Product Description
This is an EXTREMELY RARE fossil dinosaur tooth from a DIPLODOCOID sauropod dinosaur of North Africa. It compares very favorably with Nigersaurus that was discovered in Niger from different deposits and the first paper below references an identical tooth to the one we are offering here, supporting that. As of this posting, Nigersaurus is not known from the Kem Kem deposits but much is yet to be studied about North Africa dinosaurs and what is known is FAR from complete and comprehensive. It is reasonable to say that a dinosaur found in the region of present-day Niger could have also lived in the region of southern Morocco and Algeria.
This tooth is round in cross-section with a slight longitudinal furrow on the lingual side and a slight natural feeding wear facet on the tip as is typically seen for this class of dinosaur teeth.
Sauropod fossil dinosaur teeth are rarely discovered in the same fine condition as theropod teeth. Feeding on plant material rather than other struggling dinosaurs, the teeth of herbivorous sauropods were not designed to take punishment like meat-eating dinosaur teeth so their structure is not as durable. The long, peg-like shape of sauropod dinosaur teeth make them vulnerable to damage over time and easy to break apart over millions of years. What this translates to is that plant-eating sauropod dinosaur teeth are seldom found preserved as well as meat-eating dinosaur teeth. Sauropod dinosaur teeth of equal quality, compared to those from a carnivorous dinosaur, are more rare and their absence from the market demonstrates that.
SEE MORE AND LEARN ABOUT SAUROPOD DINOSAUR FOSSILS
HISTORY
Nigersaurus is a genus of rebbachisaurid sauropod dinosaur that lived during the middle Cretaceous period, about 115 to 105 million years ago. It was discovered in the Elrhaz Formation in an area called Gadoufaoua, in the Republic of Niger. Fossils of this dinosaur were first described in 1976, but it was only named Nigersaurus taqueti in 1999, after further and more complete remains were found and described. The genus name means "Niger reptile", and the specific name honours the palaeontologist Philippe Taquet, who discovered the first remains.
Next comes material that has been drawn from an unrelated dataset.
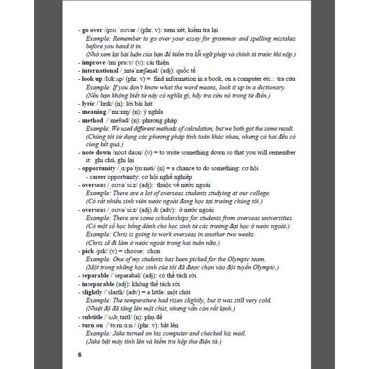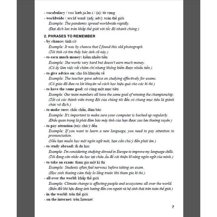 I. Vocabulary: giải thích ý nghĩa những từ mới trong mỗi Unit; có nhiều ví dụ minh họa để học sinh nắm vững cách dùng từ.

Small for a sauropod, Nigersaurus was about 9 metres (30 feet) long, and had a short neck. It weighed around four tonnes, comparable to a modern elephant. Its skeleton was highly pneumatised (filled with air spaces connected to air sacs), but the limbs were robustly built. Its skull was very specialised for feeding, with large fenestrae and thin bones. It had a wide muzzle filled with more than 500 teeth, which were replaced at a rapid rate: around every 14 days. The jaws may have borne a keratinous sheath. Unlike other tetrapods, the tooth-bearing bones of its jaws were rotated transversely relative to the rest of the skull, so that all of its teeth were located far to the front.
Nigersaurus and its closest relatives are grouped within the subfamily Rebbachisaurinae (formerly thought to be grouped in the eponymous Nigersaurinae) of the family Rebbachisauridae, which is part of the sauropod superfamily Diplodocoidea.